> [To do]:
Retype all of the listing exactly, with no pictures.

> [Supplied information]:
=-=-=-=-=
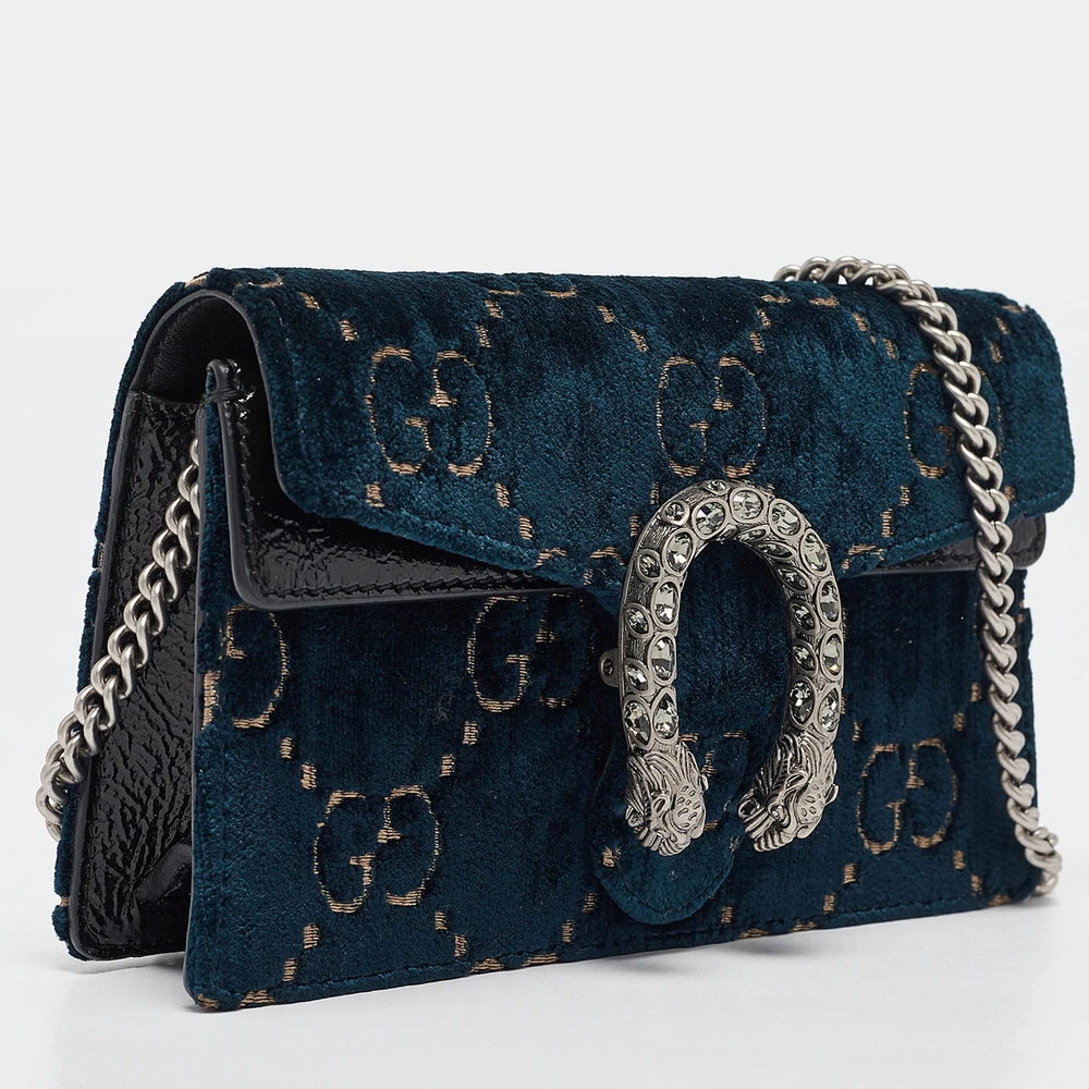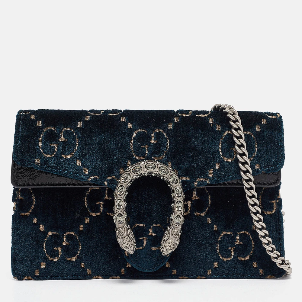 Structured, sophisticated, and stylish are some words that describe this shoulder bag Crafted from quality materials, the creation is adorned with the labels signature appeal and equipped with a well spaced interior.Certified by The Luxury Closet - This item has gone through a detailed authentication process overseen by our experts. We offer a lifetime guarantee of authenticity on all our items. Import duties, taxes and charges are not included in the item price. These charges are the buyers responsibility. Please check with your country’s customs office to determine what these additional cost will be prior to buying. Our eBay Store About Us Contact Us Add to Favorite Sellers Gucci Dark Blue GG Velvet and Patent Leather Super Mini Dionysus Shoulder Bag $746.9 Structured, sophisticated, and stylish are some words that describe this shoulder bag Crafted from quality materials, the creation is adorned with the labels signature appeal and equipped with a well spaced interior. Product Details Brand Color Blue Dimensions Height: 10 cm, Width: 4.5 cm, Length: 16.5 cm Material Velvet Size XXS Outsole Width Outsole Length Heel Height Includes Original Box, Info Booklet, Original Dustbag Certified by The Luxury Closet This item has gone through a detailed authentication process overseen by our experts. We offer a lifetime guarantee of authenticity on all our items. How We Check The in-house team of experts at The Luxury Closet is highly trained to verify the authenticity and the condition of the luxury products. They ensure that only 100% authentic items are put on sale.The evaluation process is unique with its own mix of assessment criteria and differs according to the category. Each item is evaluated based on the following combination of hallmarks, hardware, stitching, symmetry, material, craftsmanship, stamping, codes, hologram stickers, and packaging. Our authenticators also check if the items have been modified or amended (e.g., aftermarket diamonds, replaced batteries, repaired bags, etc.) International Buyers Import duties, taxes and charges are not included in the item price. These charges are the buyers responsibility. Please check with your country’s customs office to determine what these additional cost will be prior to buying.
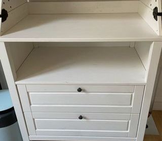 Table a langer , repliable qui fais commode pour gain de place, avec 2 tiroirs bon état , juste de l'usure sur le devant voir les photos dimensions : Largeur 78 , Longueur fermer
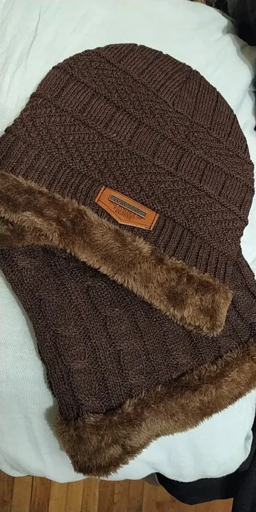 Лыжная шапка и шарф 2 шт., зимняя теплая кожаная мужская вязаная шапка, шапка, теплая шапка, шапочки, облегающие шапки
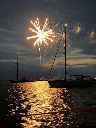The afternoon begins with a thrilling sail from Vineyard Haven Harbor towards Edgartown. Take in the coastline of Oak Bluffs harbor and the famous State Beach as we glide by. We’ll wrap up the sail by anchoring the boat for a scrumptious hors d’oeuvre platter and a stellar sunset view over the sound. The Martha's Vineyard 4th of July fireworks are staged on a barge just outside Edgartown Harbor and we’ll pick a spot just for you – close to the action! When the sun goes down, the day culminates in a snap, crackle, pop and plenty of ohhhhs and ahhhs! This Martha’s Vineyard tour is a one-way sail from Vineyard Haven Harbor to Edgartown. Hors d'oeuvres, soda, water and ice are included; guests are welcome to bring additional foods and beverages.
=-=-=-=-=
> [Expected answer]:
 Structured, sophisticated, and stylish are some words that describe this shoulder bag Crafted from quality materials, the creation is adorned with the labels signature appeal and equipped with a well spaced interior.Certified by The Luxury Closet - This item has gone through a detailed authentication process overseen by our experts. We offer a lifetime guarantee of authenticity on all our items. Import duties, taxes and charges are not included in the item price. These charges are the buyers responsibility. Please check with your country’s customs office to determine what these additional cost will be prior to buying. Our eBay Store About Us Contact Us Add to Favorite Sellers Gucci Dark Blue GG Velvet and Patent Leather Super Mini Dionysus Shoulder Bag $746.9 Structured, sophisticated, and stylish are some words that describe this shoulder bag Crafted from quality materials, the creation is adorned with the labels signature appeal and equipped with a well spaced interior. Product Details Brand Color Blue Dimensions Height: 10 cm, Width: 4.5 cm, Length: 16.5 cm Material Velvet Size XXS Outsole Width Outsole Length Heel Height Includes Original Box, Info Booklet, Original Dustbag Certified by The Luxury Closet This item has gone through a detailed authentication process overseen by our experts. We offer a lifetime guarantee of authenticity on all our items. How We Check The in-house team of experts at The Luxury Closet is highly trained to verify the authenticity and the condition of the luxury products. They ensure that only 100% authentic items are put on sale.The evaluation process is unique with its own mix of assessment criteria and differs according to the category. Each item is evaluated based on the following combination of hallmarks, hardware, stitching, symmetry, material, craftsmanship, stamping, codes, hologram stickers, and packaging. Our authenticators also check if the items have been modified or amended (e.g., aftermarket diamonds, replaced batteries, repaired bags, etc.) International Buyers Import duties, taxes and charges are not included in the item price. These charges are the buyers responsibility. Please check with your country’s customs office to determine what these additional cost will be prior to buying.
 Table a langer , repliable qui fais commode pour gain de place, avec 2 tiroirs bon état , juste de l'usure sur le devant voir les photos dimensions : Largeur 78 , Longueur fermer
 Лыжная шапка и шарф 2 шт., зимняя теплая кожаная мужская вязаная шапка, шапка, теплая шапка, шапочки, облегающие шапки
The afternoon begins with a thrilling sail from Vineyard Haven Harbor towards Edgartown. Take in the coastline of Oak Bluffs harbor and the famous State Beach as we glide by. We’ll wrap up the sail by anchoring the boat for a scrumptious hors d’oeuvre platter and a stellar sunset view over the sound. The Martha's Vineyard 4th of July fireworks are staged on a barge just outside Edgartown Harbor and we’ll pick a spot just for you – close to the action! When the sun goes down, the day culminates in a snap, crackle, pop and plenty of ohhhhs and ahhhs! This Martha’s Vineyard tour is a one-way sail from Vineyard Haven Harbor to Edgartown. Hors d'oeuvres, soda, water and ice are included; guests are welcome to bring additional foods and beverages.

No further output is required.